IF 4 4区 医学 Q3 CELL BIOLOGY Pub Date : 2023-08-28 DOI: 10.1111/imcb.12680
Matthew J Witney, Anthony W Purcell, David C Tscharke

In this article, we discuss the recent observation by Augusto et al. made using a novel mobile phone application-based COVID-19 Citizen Science Study that an HLA genetic variant, HLA-B*15:01, is associated with asymptomatic SARS-CoV-2 infection. To explain this association, Augusto et al. describe a cross-reactive memory CD8+ T-cell response in HLA-B*15:01+ SARS-CoV-2 unexposed individuals that retains high avidity for two structurally conserved epitopes found in SARS-CoV-2 and seasonal coronavirus strains. These observations provide an insight into potential molecular determinants that facilitate rapid, early clearance of virus.

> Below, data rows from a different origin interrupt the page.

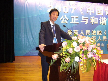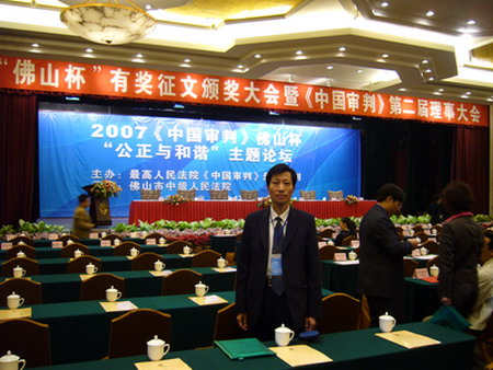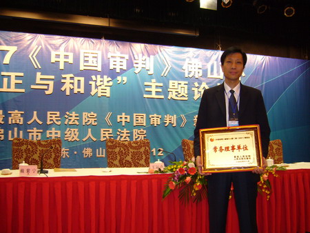 微风和煦,椰树环抱。2007年12月3日,人民法院出版社、《中国审判》新闻月刊编辑部在素有“南国陶都”的广州佛山召开了2007年《中国审判》佛山杯“公正与和谐”主题论坛暨第二届理事大会。最高人民法院副院长万鄂湘、有关省市法院院长及法院系统的部门负责人参加了会议。京都律师事务所名誉主任田文昌律师被《中国审判》聘为理事会常务理事。京都律所为《中国审判》常务理事单位,金杰律师代表我所参加了会议并作论坛发言。
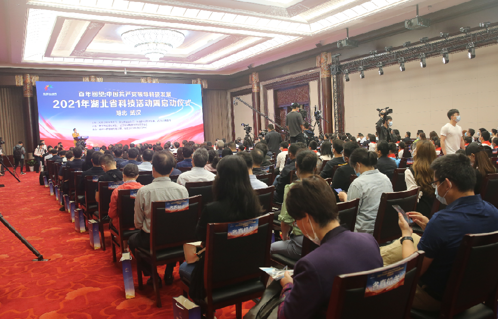 5月22日上午,由湖北省科学技术厅、中共湖北省委宣传部、湖北省科学技术协会和武汉市人民政府联合主办的2021年湖北省科技活动周启动仪式在武汉市东湖高新区中国建筑科技馆举行。本次科技周以“百年回望,中国共产党领导科技发展”为主题,湖北省副省长肖菊华、湖北省政府副秘书长卢军、省科技厅厅长王炜和中科院武汉分院院长袁志明等领导出席启动式。武汉分院组织50余名科技工作者和科普志愿者来到现场开展活动。
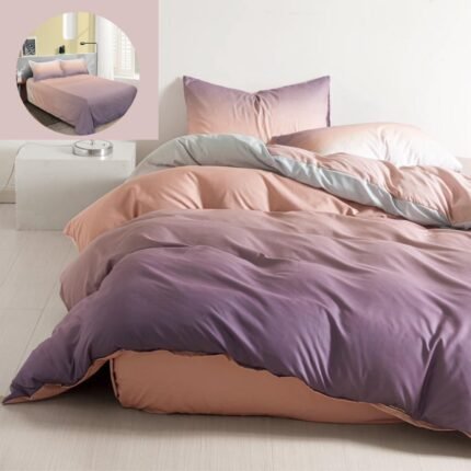 Prețul inițial a fost: 119,00 lei.89,00 leiPrețul curent este: 89,00 lei.Lenjerie Bumbac Finet, Cearceaf Clasic, 4 Piese, Pat 1 Persoană, Degrade, Lila
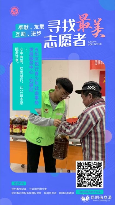据昆明志愿者网数据显示,昆明市有实名注册志愿者1206760人,志愿服务组织4827个,全市累计发起志愿服务项目96080个,人均志愿服务时长达98.29小时。活跃在城市大街小巷的志愿者,成为了昆明一条靓丽的风景线。
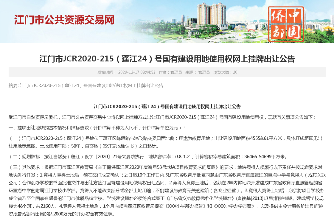 根据出让条件显示,竞得人竞得土地后,必须在 2年内 将地块开发建成广东省教育厅直接管理的 省级重点中学 的 附属江门学校小学部 。

在这篇文章中,我们讨论了Augusto等人最近的观察结果。使用一项基于新型手机应用程序的新冠肺炎公民科学研究得出,HLA基因变体HLA-B*15:01与无症状的SARS-CoV-2感染有关。为了解释这种关联,Augusto等人。描述了HLA-B*15:01+SARS-CoV-2未暴露个体中的交叉反应性记忆CD8+T细胞应答,其对在严重急性呼吸系统综合征冠状病毒2型和季节性冠状病毒株中发现的两个结构保守的表位保持高亲和力。这些观察结果提供了对促进病毒快速、早期清除的潜在分子决定因素的深入了解。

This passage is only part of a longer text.